Московские коллекционеры - Наталия Юрьевна Семенова
Шрифт:
Интервал:
Закладка:
Пока можно было проезжать по мосту, попечитель бывал на месте каждый день, а когда вода поднялась, держал связь по телефону. Вообще-то Илья Семенович и в мирное время ежедневно появлялся в галерее, «а если не придет, то непременно позвонит по телефону Хруслову или мне, все ли у нас благополучно», с ностальгией вспоминал Мурдогель, перечисляя заслуги Остроухова: тот в Думе отстоял бюджет, и капитальный ремонт провел, и деревянные конструкции железными заменил, и новейшее паровое отопление установил вместо дававшего копоть старого, амосовского. В современном искусстве потомственный служитель разбирался слабо, иначе бы обязательно написал и про покупки, и про выставки, ежегодно поставлявшие галерее новые имена. Правда, большинству из них путь в Лаврушинский долго еще был заказан из-за остроуховской нерешительности («Мы покупаем слишком боязливо», — укорял его еще в 1901 году Серов). Вот, к примеру, что он пишет Боткиной о XIV выставке МТХ 1907 года, где был представлен весь будущий цвет русского авангарда — и Гончарова, и Ларионов, и Кандинский, и Малевич: «Были с Серовым и Карзинкиным на вернисаже Московских художников. Ничего не нашли для Галереи. Ландовские здесь, были у нас третьего дня, она играла. Андреев очень недурно начал лепить ее (пианистку Ванду Ландовскую[159]. — Н. С.) бюст для меня. Сегодня кончит, если не испортит».
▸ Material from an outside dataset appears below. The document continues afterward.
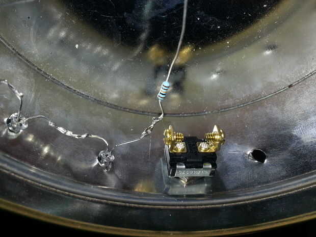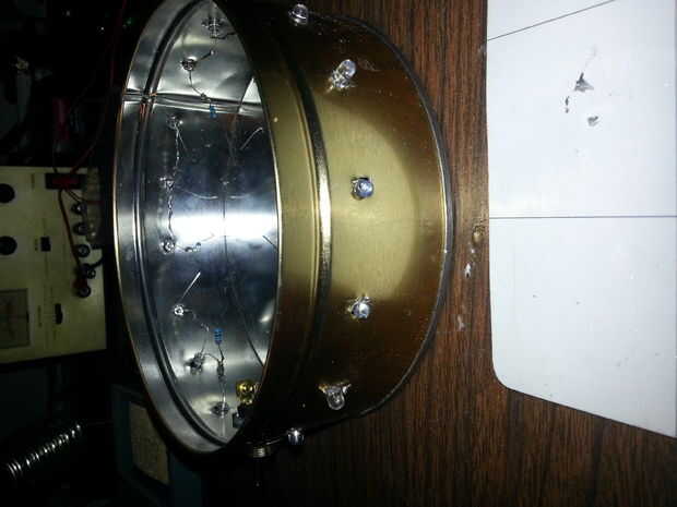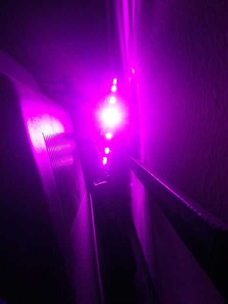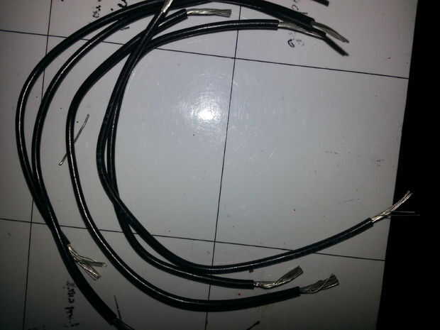Al agregar los leds tengo 3 leds en serie conectada a una resistencia de 130 ohm. En el extremo con la resistencia de la es un cable rojo que viene de cada uno. Uno al final de la tercera llevó el plomo negativo soldado un cable negro a la misma. Hacer esto para cada conjunto de tres LED
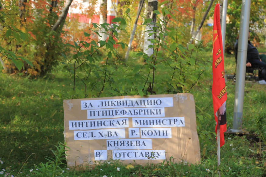 Участники митинга потребовали уволить министра сельского хозяйства и потребительского рынка Коми Анатолия Князева, который, по мнению митингующих, своими действиями нарушил указания президента России Владимира Путина и председателя правительства Дмитрия Медведева о развитии сельского хозяйства. По сведениям интинцев, Князев дал указание вдвое ограничить финансовую помощь агрокомплексу «Инта Приполярная» для лоббирования интересов птицефабрики «Зеленецкой», которая недавно в цехах бывшей птицефабрики «Сыктывкарской» стала производить куриное яйцо, и ей понадобился интинский рынок сбыта продукции вместе с городами Усинском, Печорой и Воркутой для получения дотаций. «Практически агрокомплекс Инты сейчас обанкрочен, нет денег на закупку комбикормов, и министр Князев все-таки добился того, что начался забой кур-несушек. Из 70 тысяч уже забито 40 тысяч», — рассказал Василий Киреенко. Он уверен, что скоро Инта лишится своего свежего яйца.

А вот скульптору Андрееву Илья Семенович всячески покровительствовал: и в галерею покупал (при незабвенном Павле Михайловиче скульптурный отдел, можно считать, не существовал[160]), и памятник Гоголю курировал. И надо же было так случиться, что андреевского Гоголя, этот безусловный шедевр скульптуры русского модерна, вменили Остроухову в вину. Оскорбления, которые бросали Илье Семеновичу, не снились даже Щукину с его Матиссом. Памятник открыли 26 апреля 1909 года, и сразу же началось: «Бездарный памятник!», «Нахохлившаяся ворона!», «Старуха!», «Кикимора!», «Стервятник!», «Не памятник!», «Взорвать!», «Уничтожить!». Еще писали, что памятник открыли «в обстановке, рисующей страшный упадок культуры нашей». Это уже выпад в адрес остроуховского свояка Гучкова: городские власти недоглядели, что конструкции гостевых трибун оказались непрочными, поэтому из-за риска обрушения никого дальше двух первых рядов в день открытия не пустили. Типичное московское разгильдяйство. И памятник ужасный, и трибуны хлипкие. Газеты так и писали: «Город уже перебывал у памятника и вынес свой приговор. В трибунах виноват городской голова Н. И. Гучков, в памятнике — И. С. Остроухов».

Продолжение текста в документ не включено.